Although the problem of code are found online, but everyone can't run, I don't can edit the text in the PDF file (not encrypted) is not to come out, good quick ah, who is a great god know, help bai!!! Younger brother grateful ah, a string of code, but it is always an error, says the from pdfminer. Pdfparser import pdfparser, PDFDocument PDFDocument of import, and the from pdfminer. Pdfinterp import PDFTextExtractionNotAllowed this is, this is the two error, have two days, I couldn't find a solution, I am also drunk

 import sys 
The import importlib 
Importlib. Reload (sys) 

The from pdfminer. Pdfparser import pdfparser, PDFDocument 
The from pdfminer. Pdfinterp import PDFResourceManager, PDFPageInterpreter 
The from pdfminer. The converter import PDFPageAggregator 
The from pdfminer. Layout import * 
The from pdfminer. Pdfinterp import PDFTextExtractionNotAllowed 

"' 
Parsing the PDF file, file contains a variety of objects 
"' 


# PDF file parsing function 
Def parse (pdf_path) : 
Fp=open (pdf_path, 'rb') # read in binary mode to open the 
# use the file object to create a PDF document analyzer 
The parser=PDFParser (fp) 
# to create a PDF document 
Doc=PDFDocument () 
# connect analyzer with the document object 
Parser. Set_document (doc) 
Doc. Set_parser (parser) 

# to provide initial password 
# if no password, create an empty string 
Doc.
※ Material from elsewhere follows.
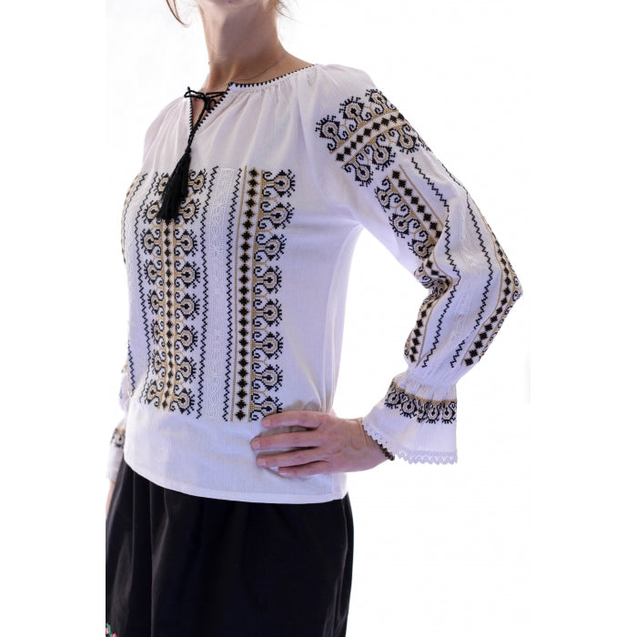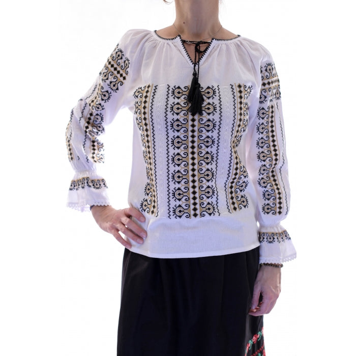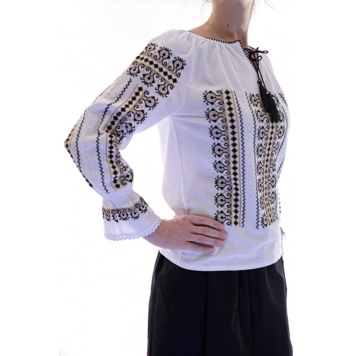 NEGRU simbolizeaza sobrietatea, intelepciunea si decenta. Pe vremuri iile brodate cu negru erau destinate femeilor in varsta, acum au devenit o piesa vestimentara eleganta esentiala in garderoba. Iile brodate cu negru transmit simplitate, eleganta si cinstea celei ce le poarta.

The initialize () 

# test for a provide TXT document conversion, omit it does not provide 
If not doc. Is_extractable: 
Raise PDFTextExtractionNotAllowed 
The else: 
# to create PDf resource manager to manage the Shared resource 
RSRCMGR=PDFResourceManager () 
# to create a PDF device object 
Laparams=laparams () 
Device=PDFPageAggregator (RSRCMGR, laparams=laparams) 
# create a PDF interpreter object 
Interpreter=PDFPageInterpreter (RSRCMGR, device) 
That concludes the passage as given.